→ PROVIDED INFORMATION
Start of Block
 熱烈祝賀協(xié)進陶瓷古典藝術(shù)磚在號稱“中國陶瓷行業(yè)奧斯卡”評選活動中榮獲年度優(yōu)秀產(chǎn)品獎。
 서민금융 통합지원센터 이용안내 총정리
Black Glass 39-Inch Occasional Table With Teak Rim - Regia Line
End of Block
Start of Block
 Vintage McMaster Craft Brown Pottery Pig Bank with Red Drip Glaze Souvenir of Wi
End of Block
→ EXERCISE REQUIREMENTS
Please write out, exactly as they appear above, only the lines in the stretch from the line with "熱烈祝賀協(xié)進陶瓷古" through the line with "Black Glass 39-Inch".

→ RESPONSE TO THE TASK
 熱烈祝賀協(xié)進陶瓷古典藝術(shù)磚在號稱“中國陶瓷行業(yè)奧斯卡”評選活動中榮獲年度優(yōu)秀產(chǎn)品獎。
 서민금융 통합지원센터 이용안내 총정리
Black Glass 39-Inch Occasional Table With Teak Rim - Regia Line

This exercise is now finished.